Exercise directions
The answer must be an exact copy of the records below, with every picture left out.

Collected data
★ ★ ★
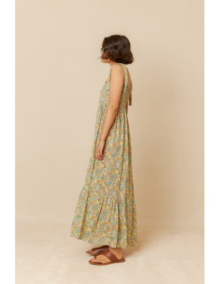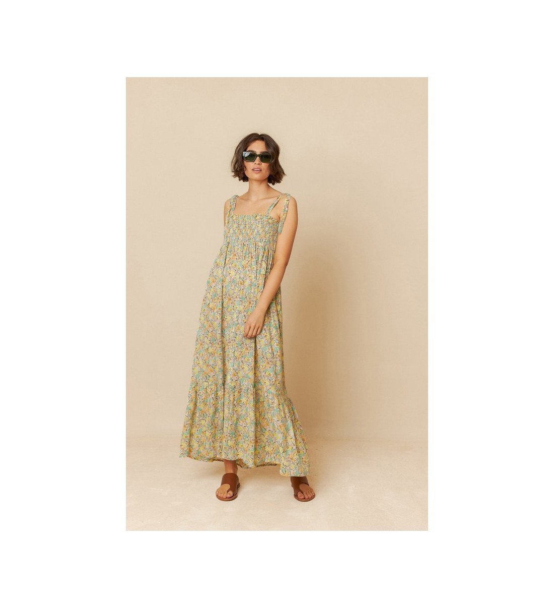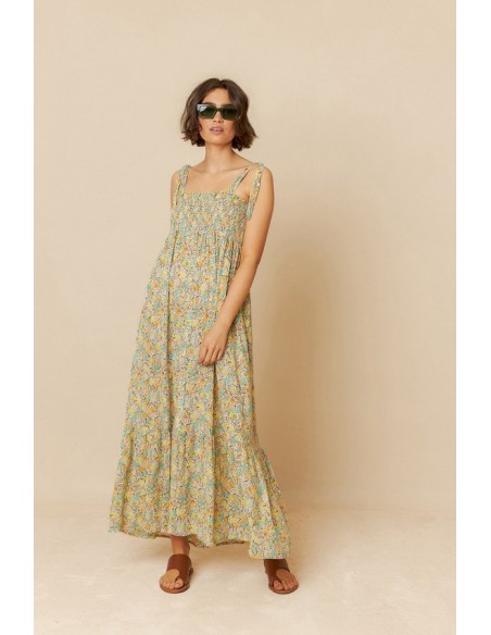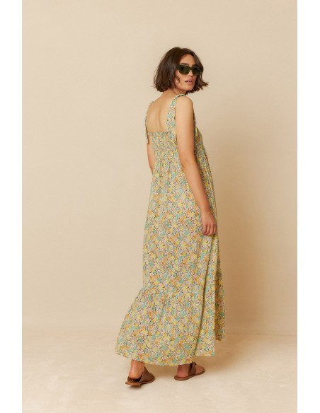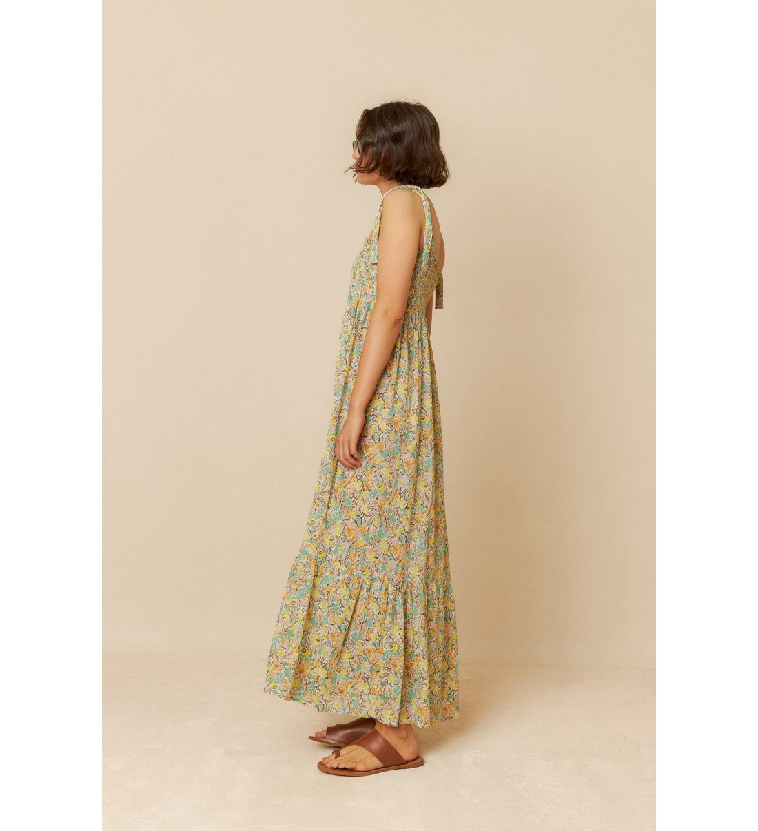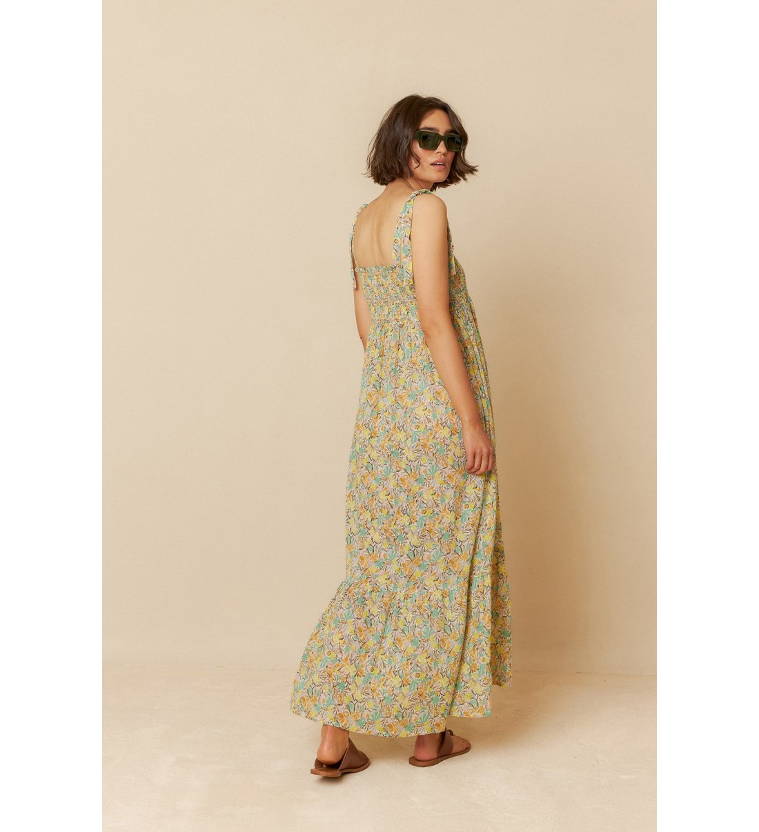 Este maxi vestido es una prenda muy versátil. Con un escote cuadrado y tirante ajustable mediante lazada, se adapta a tu estilo personal. Su corte de pecho engomado y el tejido con print digital de flores abstractas hacen de esta prenda una opción especial. Con un fit relajado, diseñado para que siente ligeramente holgado, es perfecto para un look veraniego.
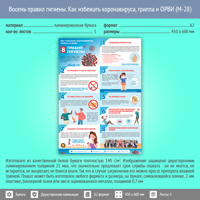 Плакат «Восемь правил гигиены. Как избежать коронавируса, гриппа и ОРВИ» (М-28, ламинированная бумага, А2, 1 лист) в Твери купить
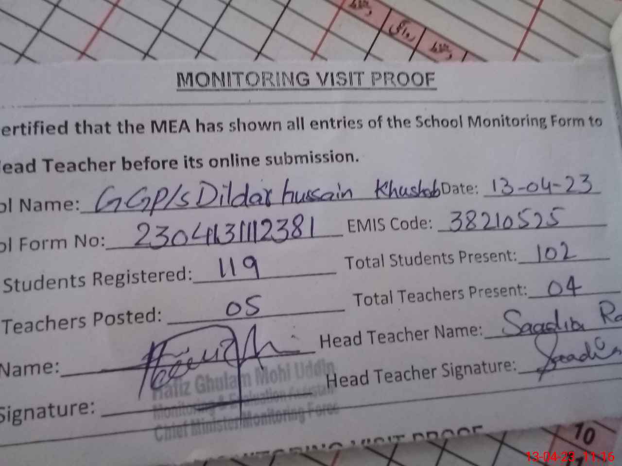 | Attendance Register | Head Teacher | MEA with School | Visit Proof |
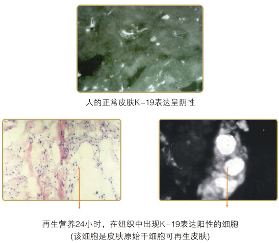 ● 再生營(yíng)養(yǎng)物質(zhì)被皮膚吸收后,再生營(yíng)養(yǎng)皮膚基底層及真皮組織的干細(xì)胞,恢復(fù)和再生復(fù)原其器官和組織的結(jié)構(gòu)和功能,保持表皮及真皮內(nèi)上皮組織、皮膚內(nèi)各器官旺盛的活力,預(yù)防和阻止皮膚衰老引起的色斑等異常皮膚疾患。附角蛋白19型干細(xì)胞研究圖片。
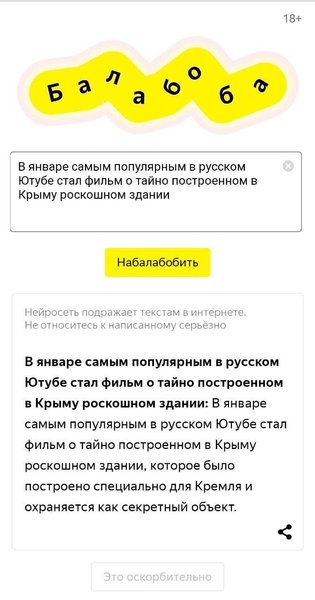 Также находчивые юзеры нашли способ заставить нейросеть рассказать о "дворце Путина", — даче генсека Брежнева, расположенной в Крыму, которую приобрели организации, подконтрольные банку "Россия". "Балабоба" сообщил, что это секретный объект Кремля. (Юзер, писавший запрос, видимо перепутал крымскую брежневскую дачу с дворцом Путина, найденном сотрудниками ФБК в Геленджике, городе расположенном не в Крыму, а в Краснодарском крае, РФ).
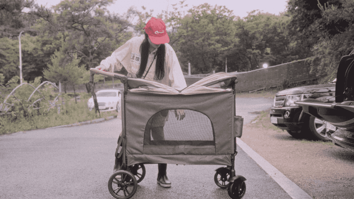 「Go HOUT マルチペットカート」はワンタッチで折りたためてコンパクトに収納可能。耐久性・耐摩耗性に優れるPU素材のタイヤを採用し、前輪は360°回転式で方向転換しやすい。
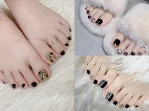 Mẫu móng chân màu đen đẹp và thời thượng cho bạn nữ (Nguồn: Mĩm Nails, Thu Hà Nails, Linh Tây Nails) Màu sơn gel móng chân đẹp bí ẩn và huyền bí (Nguồn: Miaku Nail Art, Le’s Charm, T Nail Room)Mẫu sơn móng chân màu hồng đất
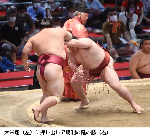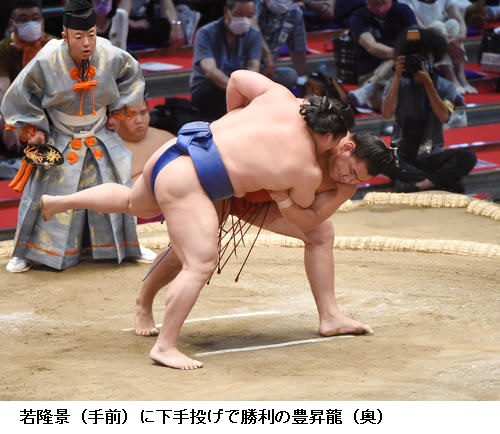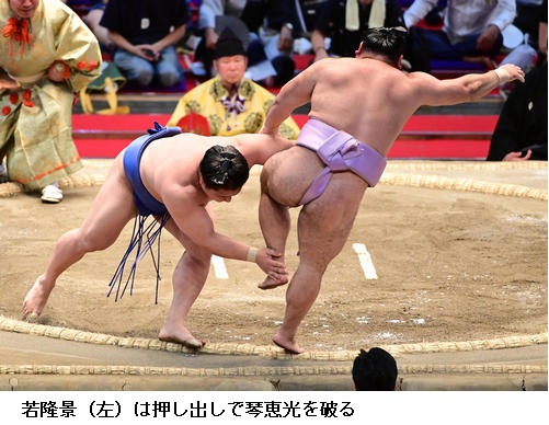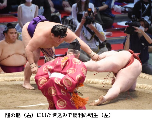 若隆景は明生との新小結どうしの一番を制し「下からよく攻めることができたと思います。足の動きは悪くはないかなと思います。一日一番、しっかり相撲を取りきることを意識していきたい」と振り返っていました。
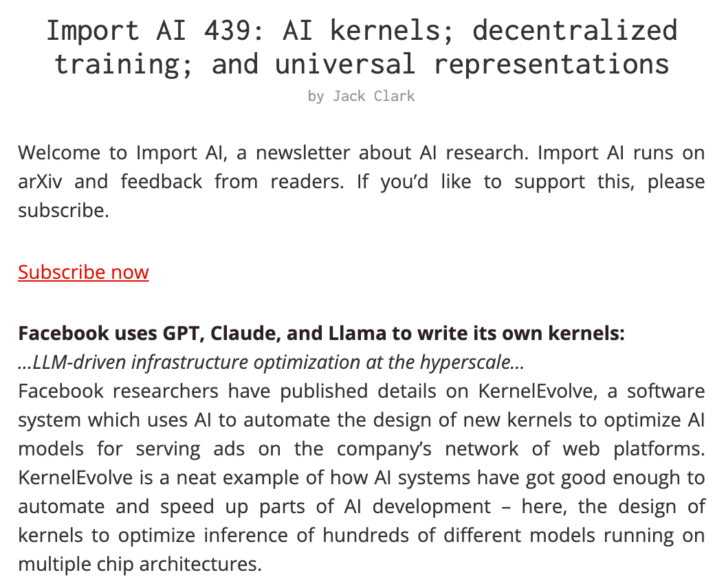 文章链接:https://jack-clark.net/2026/01/05/import-ai-439-ai-kernels-decentralized-training-and-universal-representations/
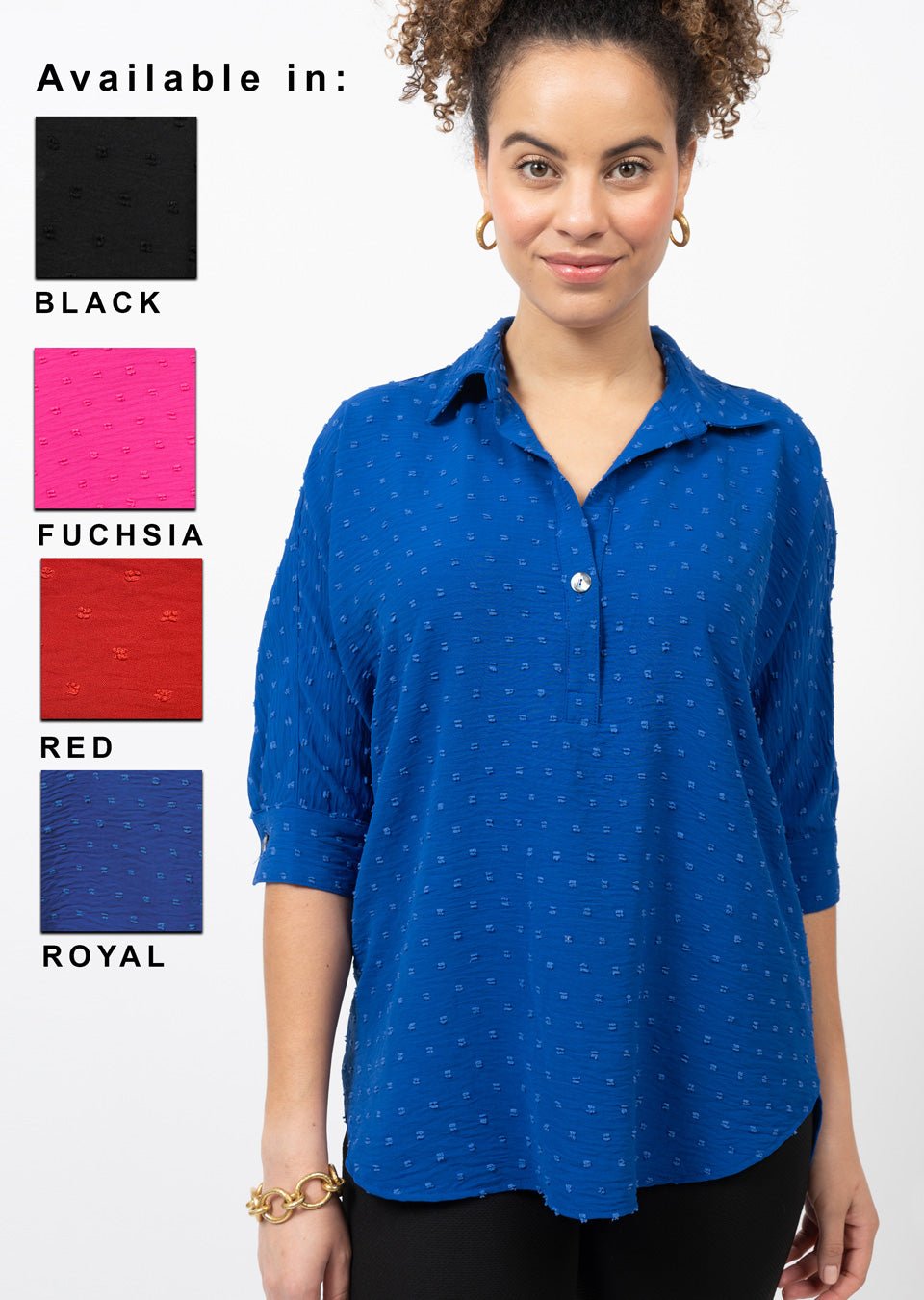 Make a statement with our Pop Collar Popover Top. Featuring a fun pop collar and beautiful pop pattern, this lightweight top is effortlessly stylish and perfect for any occasion. Its timeless design promises to keep you feeling and looking your best.
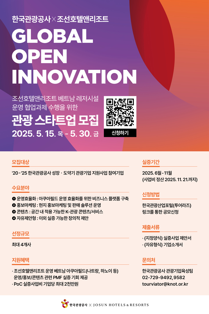 - 사업 운영․홍보마케팅․K-관광콘텐츠 분야 등 관광기업 최대 4개사 공모(~5.30) -
★ ★ ★
Output for this task
 Este maxi vestido es una prenda muy versátil. Con un escote cuadrado y tirante ajustable mediante lazada, se adapta a tu estilo personal. Su corte de pecho engomado y el tejido con print digital de flores abstractas hacen de esta prenda una opción especial. Con un fit relajado, diseñado para que siente ligeramente holgado, es perfecto para un look veraniego.
 Плакат «Восемь правил гигиены. Как избежать коронавируса, гриппа и ОРВИ» (М-28, ламинированная бумага, А2, 1 лист) в Твери купить
 | Attendance Register | Head Teacher | MEA with School | Visit Proof |
 ● 再生營(yíng)養(yǎng)物質(zhì)被皮膚吸收后,再生營(yíng)養(yǎng)皮膚基底層及真皮組織的干細(xì)胞,恢復(fù)和再生復(fù)原其器官和組織的結(jié)構(gòu)和功能,保持表皮及真皮內(nèi)上皮組織、皮膚內(nèi)各器官旺盛的活力,預(yù)防和阻止皮膚衰老引起的色斑等異常皮膚疾患。附角蛋白19型干細(xì)胞研究圖片。
 Также находчивые юзеры нашли способ заставить нейросеть рассказать о "дворце Путина", — даче генсека Брежнева, расположенной в Крыму, которую приобрели организации, подконтрольные банку "Россия". "Балабоба" сообщил, что это секретный объект Кремля. (Юзер, писавший запрос, видимо перепутал крымскую брежневскую дачу с дворцом Путина, найденном сотрудниками ФБК в Геленджике, городе расположенном не в Крыму, а в Краснодарском крае, РФ).
 「Go HOUT マルチペットカート」はワンタッチで折りたためてコンパクトに収納可能。耐久性・耐摩耗性に優れるPU素材のタイヤを採用し、前輪は360°回転式で方向転換しやすい。
 Mẫu móng chân màu đen đẹp và thời thượng cho bạn nữ (Nguồn: Mĩm Nails, Thu Hà Nails, Linh Tây Nails) Màu sơn gel móng chân đẹp bí ẩn và huyền bí (Nguồn: Miaku Nail Art, Le’s Charm, T Nail Room)Mẫu sơn móng chân màu hồng đất
 若隆景は明生との新小結どうしの一番を制し「下からよく攻めることができたと思います。足の動きは悪くはないかなと思います。一日一番、しっかり相撲を取りきることを意識していきたい」と振り返っていました。
 文章链接:https://jack-clark.net/2026/01/05/import-ai-439-ai-kernels-decentralized-training-and-universal-representations/
 Make a statement with our Pop Collar Popover Top. Featuring a fun pop collar and beautiful pop pattern, this lightweight top is effortlessly stylish and perfect for any occasion. Its timeless design promises to keep you feeling and looking your best.
 - 사업 운영․홍보마케팅․K-관광콘텐츠 분야 등 관광기업 최대 4개사 공모(~5.30) -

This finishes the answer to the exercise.